Jorge purchased a home with a detached garage. In January 2017, Jorge converted the garage to use for his business building bird houses. He determined the value of the garage was $12,000, excluding the land. He sold the garage in December 2021 to a neighbor for $11,000. He is surprised that, even though he sold it at a loss, his return would show a gain. What is the best explanation for why Jorge had a gain? There is a mistake on Jorge's return. Jorge had a gain because the sales price was more than the basis after it was adjusted for depreciation "allowed or allowable." Jorge had a gain because he owned the property for less than 39 years. Jorge had a gain because this property was converted from personal use.

Respuesta :

Jorge had a gain because the sales price was more than the basis after it was adjusted for depreciation "allowed or allowable." When Jorge converted the garage to use for his business, the value of the garage became part of the basis for tax purposes. The basis is the amount used to determine gain or loss when selling a property.
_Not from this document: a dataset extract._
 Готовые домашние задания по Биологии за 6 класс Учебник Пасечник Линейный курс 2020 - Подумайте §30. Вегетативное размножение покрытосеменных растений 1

In this case, the basis of the garage was $12,000, excluding the land. However, Jorge was able to deduct depreciation expenses on the garage since he used it for his business. Depreciation is an annual deduction that accounts for the wear and tear of a property over time.
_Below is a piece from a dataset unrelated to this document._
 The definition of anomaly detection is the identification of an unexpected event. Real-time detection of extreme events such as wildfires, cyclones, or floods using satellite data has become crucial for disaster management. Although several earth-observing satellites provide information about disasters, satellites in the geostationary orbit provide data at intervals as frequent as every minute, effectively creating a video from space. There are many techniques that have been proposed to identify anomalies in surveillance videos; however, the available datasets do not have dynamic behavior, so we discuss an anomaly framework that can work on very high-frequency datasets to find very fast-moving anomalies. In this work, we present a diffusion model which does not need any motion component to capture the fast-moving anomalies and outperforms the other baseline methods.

By the time Jorge sold the garage in December 2021, the adjusted basis (after deducting depreciation) may have been lower than the original $12,000. Therefore, even though he sold the garage for $11,000, the adjusted basis may have been lower, resulting in a gain.

It's important to note that Jorge had a gain for tax purposes, but he actually sold the garage at a loss. The gain is based on the adjusted basis for tax purposes, not the actual sale price.

To summarize, Jorge had a gain because the sales price was more than the adjusted basis after it was adjusted for depreciation "allowed or allowable." This is a common situation when converting a property from personal use to business use.